ASSIGNED TASK:
Entries follow. Give back exactly the lines starting at the one containing "O governador de" and ending at the one containing "Die große Garbolino", and no other lines.

MATERIAL PROVIDED:
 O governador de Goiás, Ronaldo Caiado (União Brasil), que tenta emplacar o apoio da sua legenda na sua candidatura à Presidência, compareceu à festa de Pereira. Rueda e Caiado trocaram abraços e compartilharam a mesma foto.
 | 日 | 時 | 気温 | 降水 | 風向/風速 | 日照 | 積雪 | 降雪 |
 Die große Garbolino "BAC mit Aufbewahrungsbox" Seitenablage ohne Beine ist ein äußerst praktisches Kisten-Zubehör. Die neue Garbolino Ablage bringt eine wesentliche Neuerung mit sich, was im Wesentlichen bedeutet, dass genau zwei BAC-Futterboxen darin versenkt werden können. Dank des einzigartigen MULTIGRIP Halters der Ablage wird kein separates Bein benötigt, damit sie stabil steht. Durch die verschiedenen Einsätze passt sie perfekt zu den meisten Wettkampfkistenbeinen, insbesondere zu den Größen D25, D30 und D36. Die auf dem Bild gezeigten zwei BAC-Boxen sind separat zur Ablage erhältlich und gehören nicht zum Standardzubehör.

==

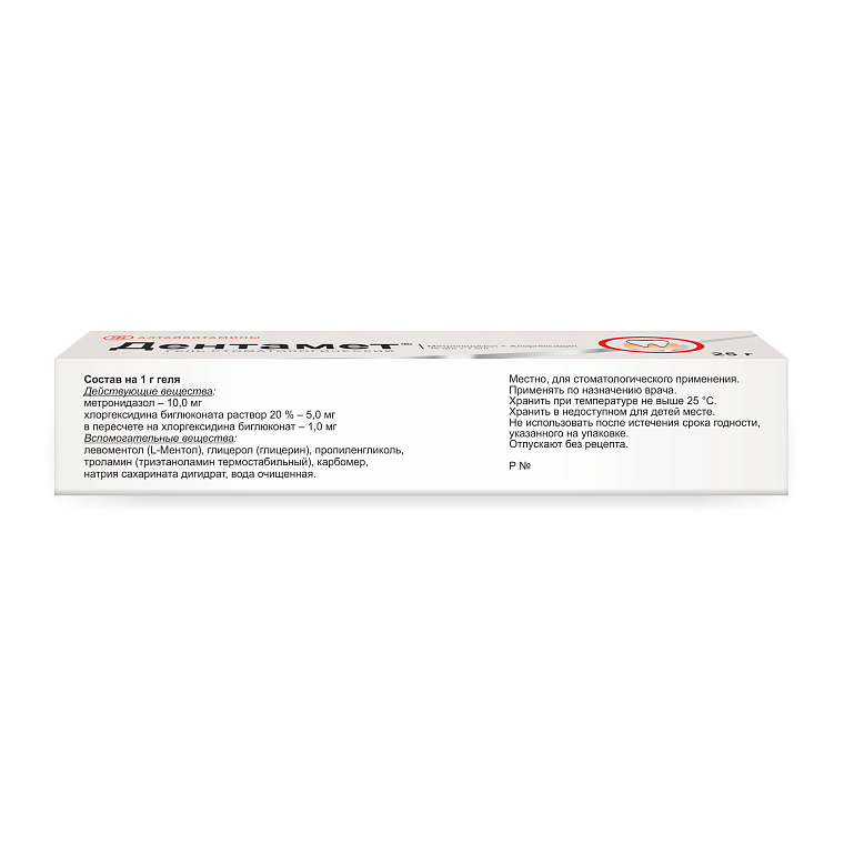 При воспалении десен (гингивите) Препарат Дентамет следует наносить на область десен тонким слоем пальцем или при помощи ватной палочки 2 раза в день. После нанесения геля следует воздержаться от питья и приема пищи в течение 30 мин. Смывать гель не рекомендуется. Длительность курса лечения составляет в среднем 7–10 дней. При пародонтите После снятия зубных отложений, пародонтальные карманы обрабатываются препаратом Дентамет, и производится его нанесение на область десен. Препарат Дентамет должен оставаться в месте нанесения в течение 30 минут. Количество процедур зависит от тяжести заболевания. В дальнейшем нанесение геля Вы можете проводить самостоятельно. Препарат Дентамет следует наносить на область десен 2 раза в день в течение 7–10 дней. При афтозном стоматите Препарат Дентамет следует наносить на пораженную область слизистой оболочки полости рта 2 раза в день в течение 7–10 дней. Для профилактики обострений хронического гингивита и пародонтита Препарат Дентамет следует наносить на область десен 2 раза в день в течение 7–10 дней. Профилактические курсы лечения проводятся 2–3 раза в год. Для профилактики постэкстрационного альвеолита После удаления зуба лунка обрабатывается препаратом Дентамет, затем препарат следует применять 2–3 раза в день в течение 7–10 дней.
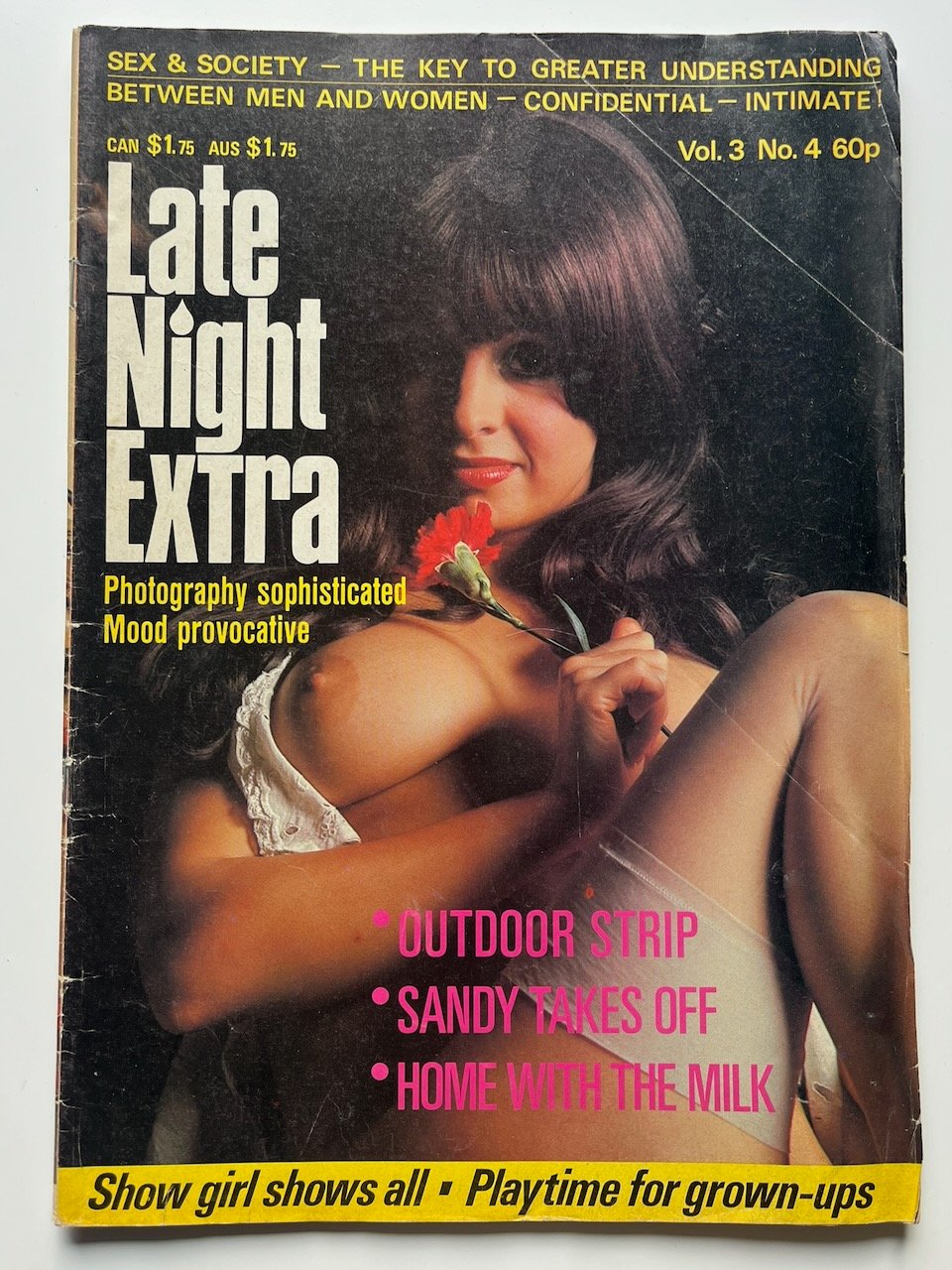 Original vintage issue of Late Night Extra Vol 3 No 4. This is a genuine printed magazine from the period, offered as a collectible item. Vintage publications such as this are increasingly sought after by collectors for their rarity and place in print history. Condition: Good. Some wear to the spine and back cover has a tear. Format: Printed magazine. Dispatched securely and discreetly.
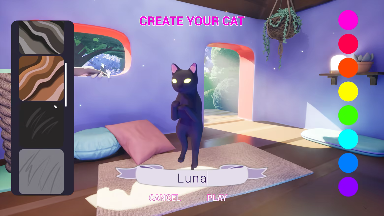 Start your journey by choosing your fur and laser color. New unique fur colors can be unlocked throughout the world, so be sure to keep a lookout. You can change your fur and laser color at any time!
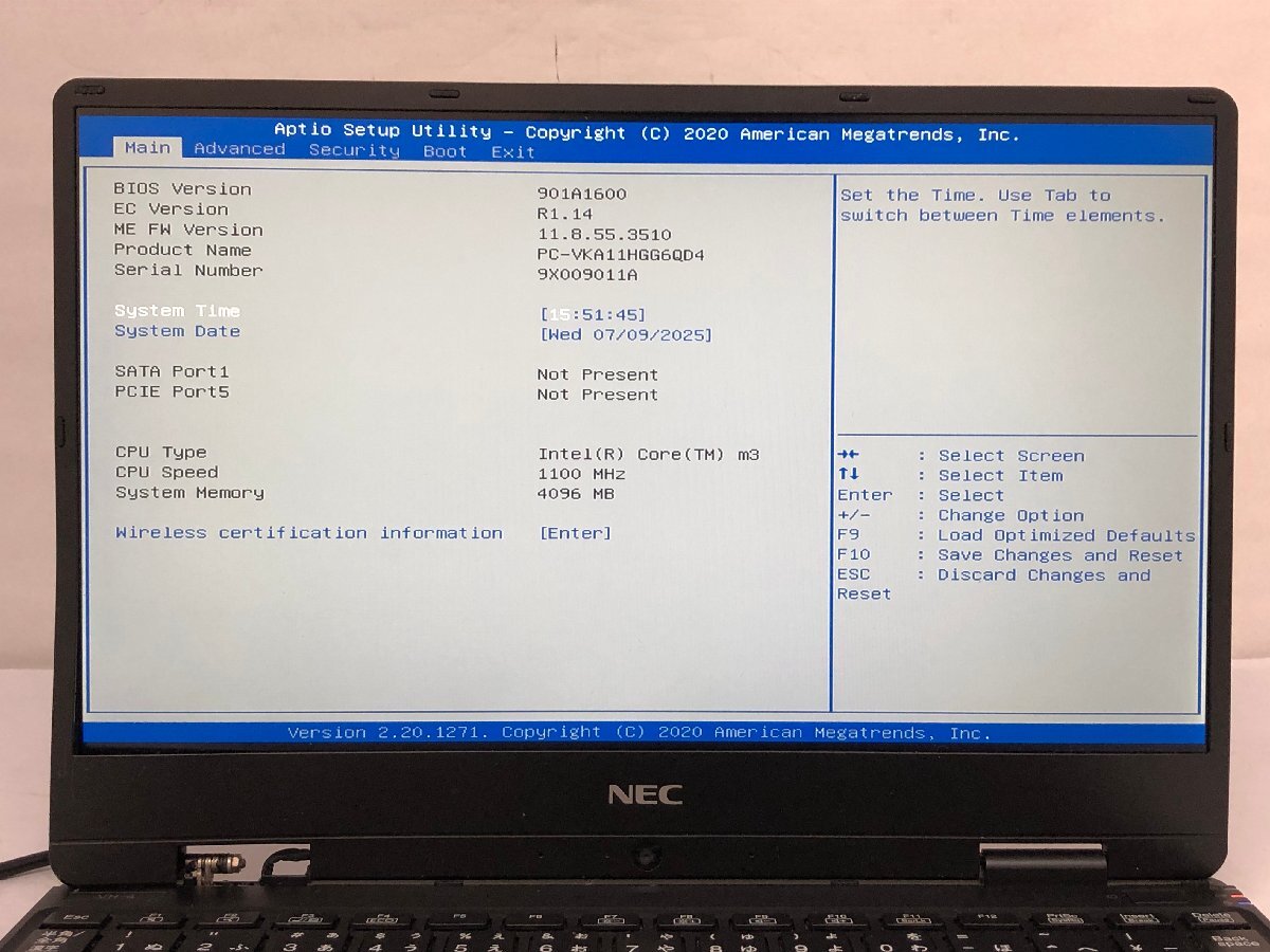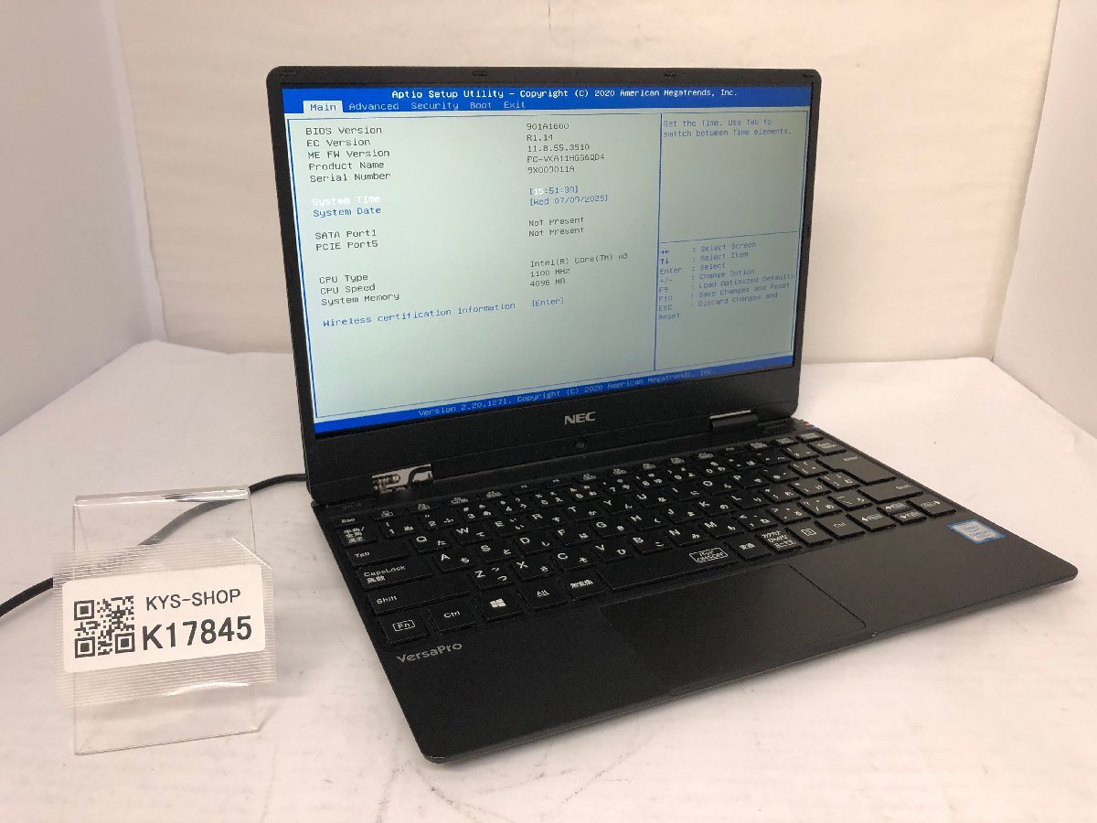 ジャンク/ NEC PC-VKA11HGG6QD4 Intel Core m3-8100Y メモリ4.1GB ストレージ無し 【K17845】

* * *

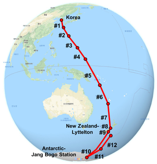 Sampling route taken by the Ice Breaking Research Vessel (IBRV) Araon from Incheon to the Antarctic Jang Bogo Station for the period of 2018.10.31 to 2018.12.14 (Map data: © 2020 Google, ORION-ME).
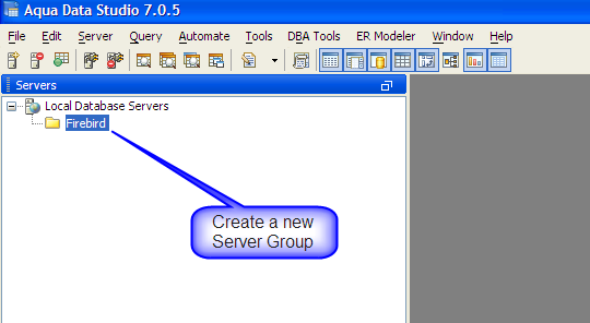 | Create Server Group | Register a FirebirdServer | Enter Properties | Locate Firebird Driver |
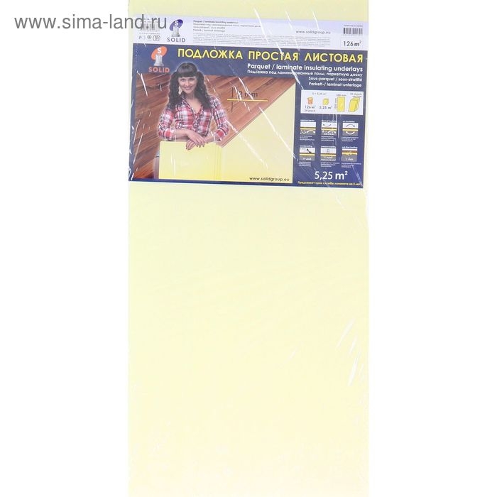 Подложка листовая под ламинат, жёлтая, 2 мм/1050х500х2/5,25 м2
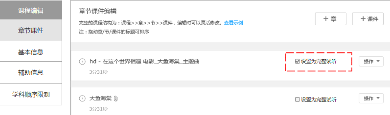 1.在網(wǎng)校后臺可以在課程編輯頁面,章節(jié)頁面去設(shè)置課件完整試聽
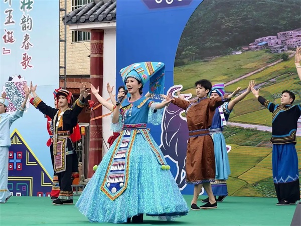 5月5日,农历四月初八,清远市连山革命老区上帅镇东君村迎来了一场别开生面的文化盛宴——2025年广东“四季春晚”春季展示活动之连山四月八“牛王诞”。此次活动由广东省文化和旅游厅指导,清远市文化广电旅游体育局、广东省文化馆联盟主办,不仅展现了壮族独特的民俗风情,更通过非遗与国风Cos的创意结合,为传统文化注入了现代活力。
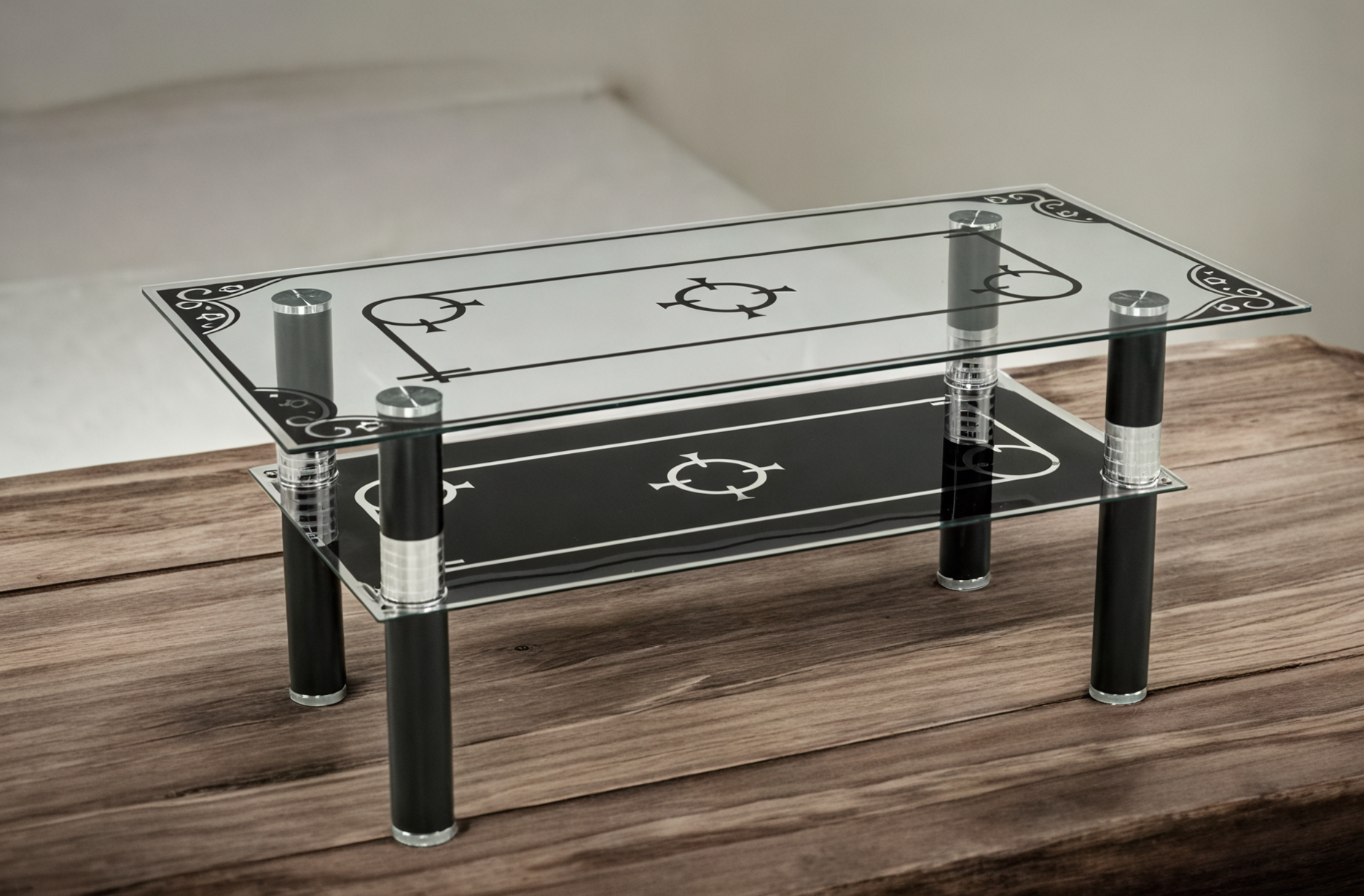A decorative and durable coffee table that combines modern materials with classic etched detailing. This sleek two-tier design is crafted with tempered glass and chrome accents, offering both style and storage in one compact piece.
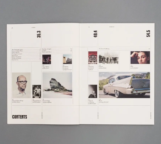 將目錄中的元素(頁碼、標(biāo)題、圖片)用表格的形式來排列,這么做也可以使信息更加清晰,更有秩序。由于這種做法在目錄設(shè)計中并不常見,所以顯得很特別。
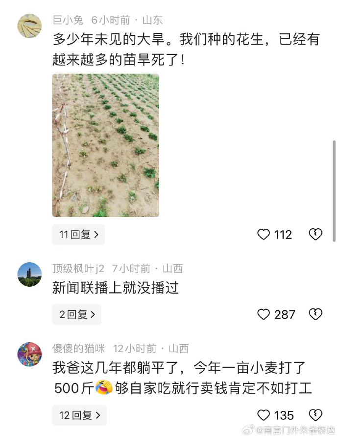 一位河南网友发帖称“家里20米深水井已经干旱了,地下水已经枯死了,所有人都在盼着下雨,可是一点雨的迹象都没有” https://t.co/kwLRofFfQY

ANSWER FOR THIS EXERCISE:
 O governador de Goiás, Ronaldo Caiado (União Brasil), que tenta emplacar o apoio da sua legenda na sua candidatura à Presidência, compareceu à festa de Pereira. Rueda e Caiado trocaram abraços e compartilharam a mesma foto.
 | 日 | 時 | 気温 | 降水 | 風向/風速 | 日照 | 積雪 | 降雪 |
 Die große Garbolino "BAC mit Aufbewahrungsbox" Seitenablage ohne Beine ist ein äußerst praktisches Kisten-Zubehör. Die neue Garbolino Ablage bringt eine wesentliche Neuerung mit sich, was im Wesentlichen bedeutet, dass genau zwei BAC-Futterboxen darin versenkt werden können. Dank des einzigartigen MULTIGRIP Halters der Ablage wird kein separates Bein benötigt, damit sie stabil steht. Durch die verschiedenen Einsätze passt sie perfekt zu den meisten Wettkampfkistenbeinen, insbesondere zu den Größen D25, D30 und D36. Die auf dem Bild gezeigten zwei BAC-Boxen sind separat zur Ablage erhältlich und gehören nicht zum Standardzubehör.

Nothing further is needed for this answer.